The species composition was further analysed to determine the role of species interactions on the species composition. Species co-occurrence was tested for non-random patterns following Gotelli (2000) and Gotelli and Entsminger (2010), using 5,000 randomisations of the original data matrix and algorithm SIM 9 in Gotelli (2000) to create null expectations. Random matrices had the same number of species and samples as the original matrix. Null model analysis was also performed on size ratios within the collembolan and oribatid communities. The assumption was that patterns for soil arthropod size are, at least in part, an indirect proxy to species niche differentiation so differences in size ratios imply that interspecific competition is structuring the community. This test was performed both at plot level and for each sample (pit-fall traps and soil samples) within Esjufjöll only, as that was the only nunatak that contained enough species, of both oribatids and collembolans, for the test. The size difference, on a log-scale, to each species nearest neighbour (i.e. the size ratio) was calculated for each species within each plot/sample with more than one species present. The average of all size ratios was then calculated as a total mean nearest neighbour distance. The observed mean nearest neighbour distance was tested against a null distribution generated by drawing 10,000 sets of species, equal in number within each plot/sample to the observed community, from the total pool of species found at the nunatak (Peres-Neto 2004).
Results
Community assembly
Collembolans were abundant in samples from all nunataks. In total, around 6,700 collembolans and 1,380 oribatids were found, of which all collembolans and the 870 oribatid adults were determined to genus or species (Tables 3, 4). The majority of the juvenile mites (86 %) were present in the oldest plot on Esjufjöll, which was also the most species rich (Table 3). The collembolan communities were dominated by the surface-active Desoria olivacea and Pseudisotoma sensibilis that were present in 40 and 41 out of 45 plots, respectively. More sedentary collembolans were present in plots of 45 years and older on Bræðrasker and Kárasker and of 25 years and older on Esjufjöll. No oribatid species were found on Maríusker and only a few species were found on Bræðrasker and Kárasker (Table 3). Generally, the community was dominated by the surface active species Tectocepheus velatus, which was present in 20 out of 45 plots, Oribatula tibialis, and rather sedentary species that were mainly found in the oldest plots of Esjufjöll.

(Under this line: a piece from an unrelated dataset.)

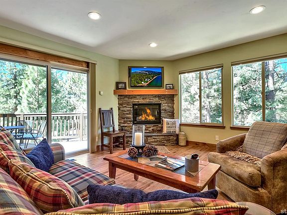 This inspiring Lake Village unit is fully loaded with all the must haves in a Tahoe retreat. Ideally located, this dreamy home offers wooded views from nearly every window and is within a short stroll to endless hiking, biking and cross country ski trails. The inviting living area features a gas fireplace, hickory floors and an outdoor entertaining deck. Custom alder cabinetry with Corian counters grace the gourmet kitchen and both full bathrooms. This living area basks in natural sunlight year round. The family room, 2 spacious guest bedrooms, guest bath and a full laundry room are located on the lower floor. The envious HOA amenities include an outdoor pool, spas, clubhouse, tennis courts and a delightful children's playground. All within a few short minutes to the downtown corridor, delicious restaurants, world-class golf and skiing and, of course, the stunning beauty of Lake Tahoe. Furnishings negotiable so this home could be sold turn-key and ready to enjoy immediately.

Geographical and environmental effects
When disentangling the effects of geographical and environmental factors, the variation in species composition differed between the two taxa (Fig. 2b, c). Less than 30 % of the variation was explained for the collembolan communities while almost 60 % was explained for the oribatid communities. The variation explained of the oribatid and collembolan communities, attributed uniquely to geographical distances, was higher than the amount explained by environmental factors only (Fig. 2). Half the explained variation was shared between both factors. When removing the conditional effect of geographical distances, plant species richness and soil age were still statistically significant in the redundancy analysis (Table 5). Plant species richness determined the collembolan species composition while soil age that of the oribatids. Being aware that the plot including most oribatid species was also by far the oldest plot, the analysis was also performed excluding that plot, but the results did not change significantly.
Species co-occurrence and body size
The hypothesis that species co-occur randomly, as expected according to the neutral theory, was rejected because the species distribution of collembolans and oribatids was significantly different from a random distribution (Table 6). The pattern of species occurrence had a positive effect size, which means that species tend to co-occur less frequently than expected under a random community assembly. The extent to how much they avoid each other was considerably higher for collembolans than for oribatids.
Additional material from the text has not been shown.